▸ Listed entries

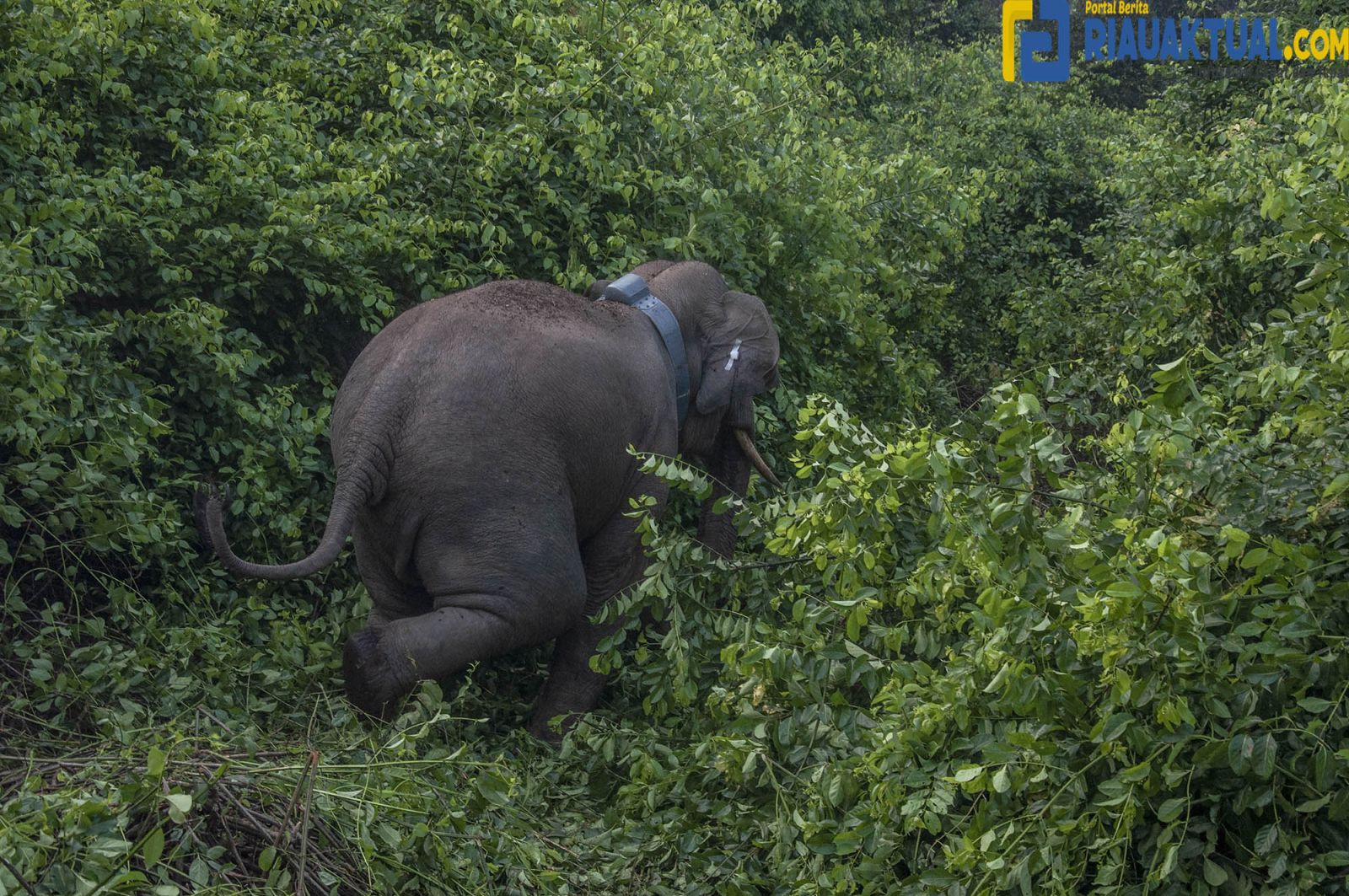 Gajah sumatera liar jantan berumur estimasi 15 tahun dengan berat 2 ton yang telah terpasang GPS Collar berlari kedalam kawasan hutan konservasi Kecamatan Pangkalan Lesung, Kabupaten Pelalawan, Provinsi Riau pada 07 Oktober 2023. (WAHYUDI)
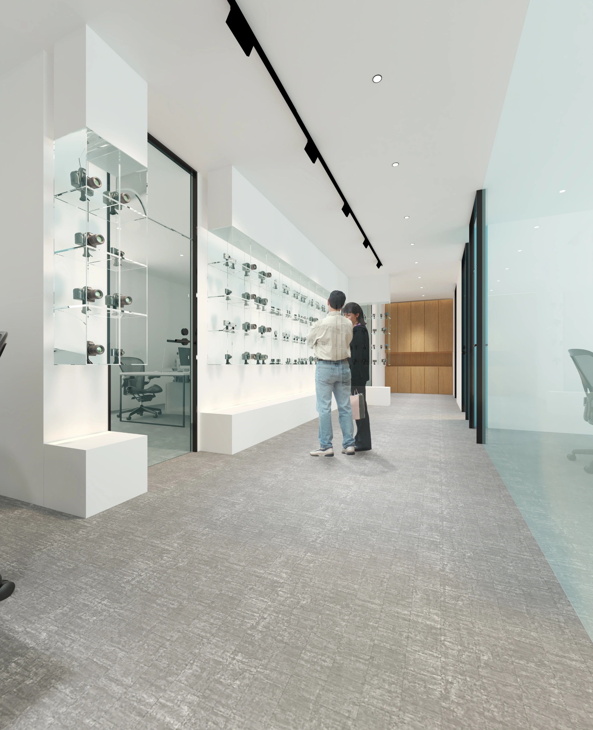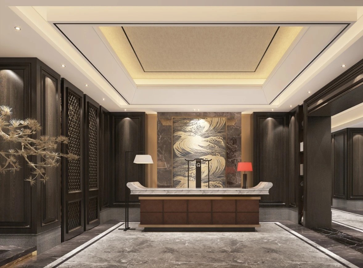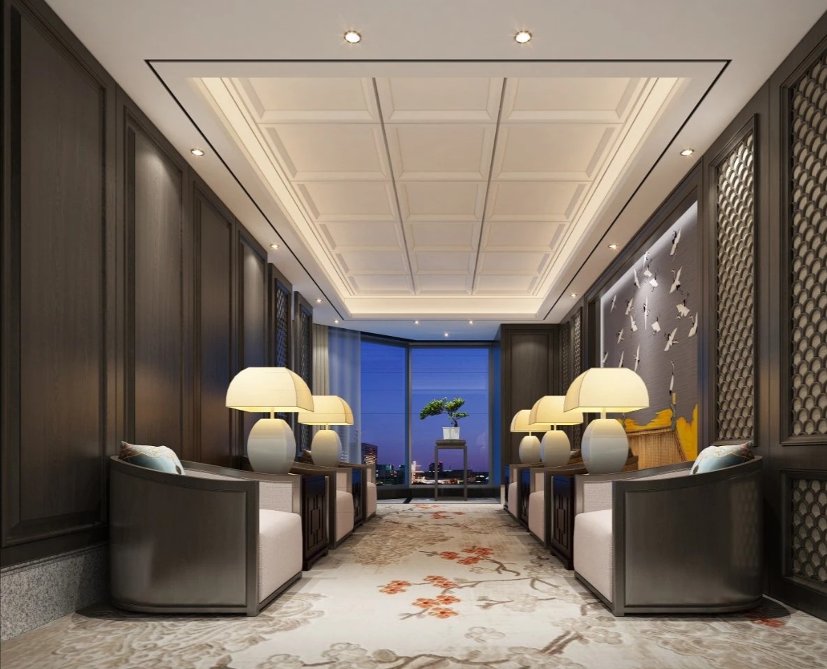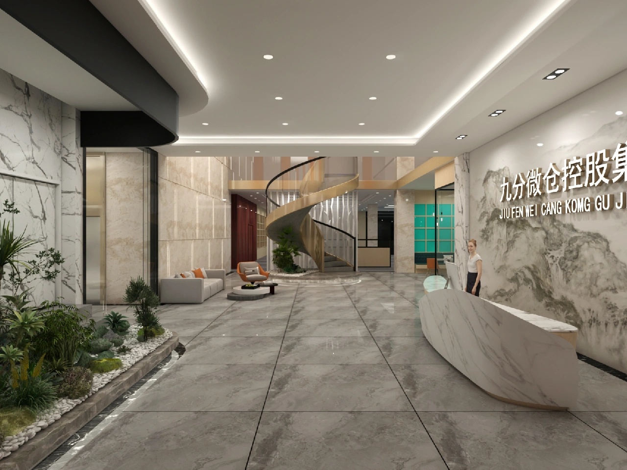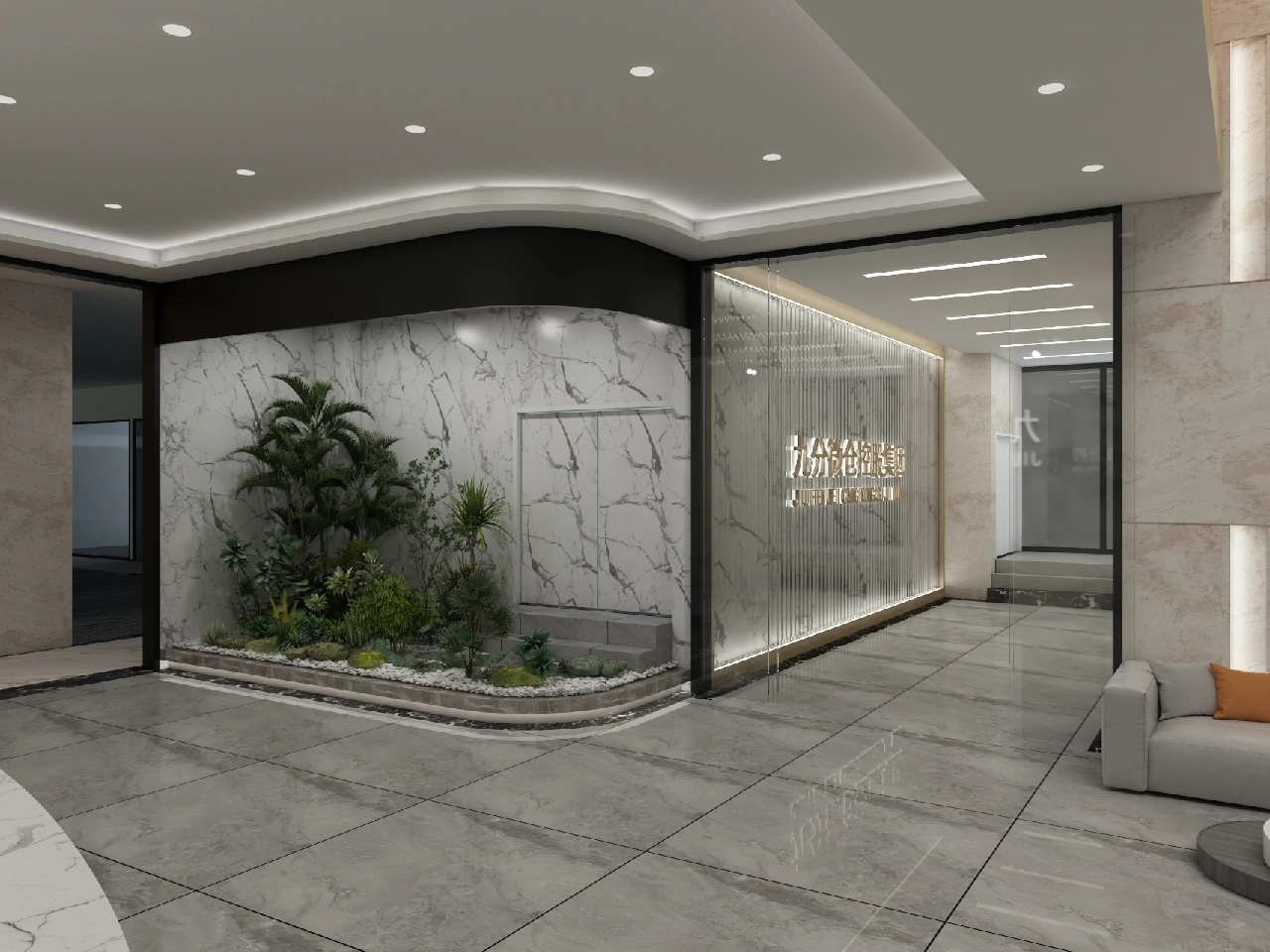 宇宙元素则成为了展现这一愿景的最佳选择。进入公司大厅就可以看到角落里的宇航员形象以及对面的星球装饰灯墙。室内整体采用黑白灰三色,色彩高级且具有科技感。深灰色地毯将空间进行分割,过道选用乳白色大理石,颜色差异明显,为使用者指引前进的方向。
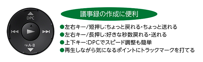 ひとつのファイル内で10秒の早送り、3秒の早戻しができます。「DPC(Digital Pitch Control)」機能で速度を調節しながら早送り/早戻しを使えるので、議事録などの書き起こしの際に便利です。
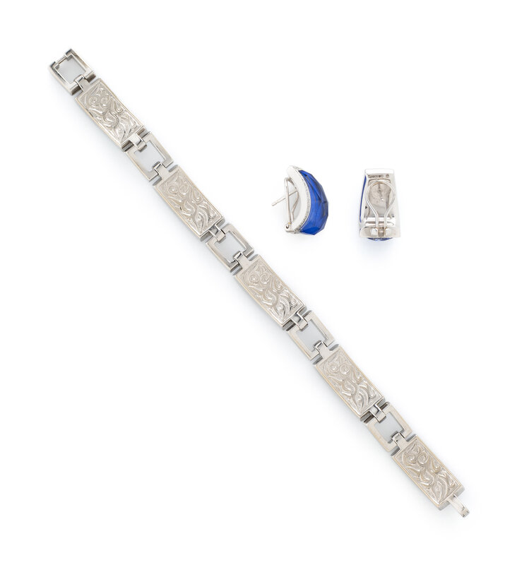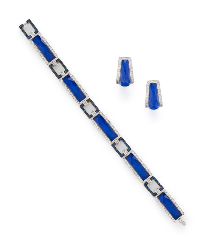 The bracelet set with blue quartz doublets, round diamonds weighing approximately 0.90 carat total, and round sapphires, and the earrings set with blue quartz doublets and round diamonds weighing approximately 0.35 carat total. Bracelet: 6 7/8 inches long. Earrings: 3/4 inch long.
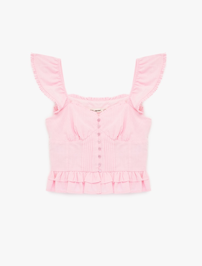 Pamuklu Düğmeli Fırfırlı Volanlı Kalp Yaka Kolsuz Bluz Sepete Ekle
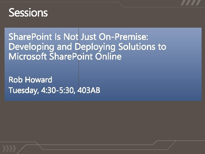 YOUR FEEDBACK IS IMPORTANT TO US! Please fill out session evaluation forms online at Microsoft. PDC. com

▸ What you are asked to do
Repeat each line of the records above exactly, but do not copy the pictures.

▸ Completed task
 Gajah sumatera liar jantan berumur estimasi 15 tahun dengan berat 2 ton yang telah terpasang GPS Collar berlari kedalam kawasan hutan konservasi Kecamatan Pangkalan Lesung, Kabupaten Pelalawan, Provinsi Riau pada 07 Oktober 2023. (WAHYUDI)
 宇宙元素则成为了展现这一愿景的最佳选择。进入公司大厅就可以看到角落里的宇航员形象以及对面的星球装饰灯墙。室内整体采用黑白灰三色,色彩高级且具有科技感。深灰色地毯将空间进行分割,过道选用乳白色大理石,颜色差异明显,为使用者指引前进的方向。
 ひとつのファイル内で10秒の早送り、3秒の早戻しができます。「DPC(Digital Pitch Control)」機能で速度を調節しながら早送り/早戻しを使えるので、議事録などの書き起こしの際に便利です。
 The bracelet set with blue quartz doublets, round diamonds weighing approximately 0.90 carat total, and round sapphires, and the earrings set with blue quartz doublets and round diamonds weighing approximately 0.35 carat total. Bracelet: 6 7/8 inches long. Earrings: 3/4 inch long.
 Pamuklu Düğmeli Fırfırlı Volanlı Kalp Yaka Kolsuz Bluz Sepete Ekle
 YOUR FEEDBACK IS IMPORTANT TO US! Please fill out session evaluation forms online at Microsoft. PDC. com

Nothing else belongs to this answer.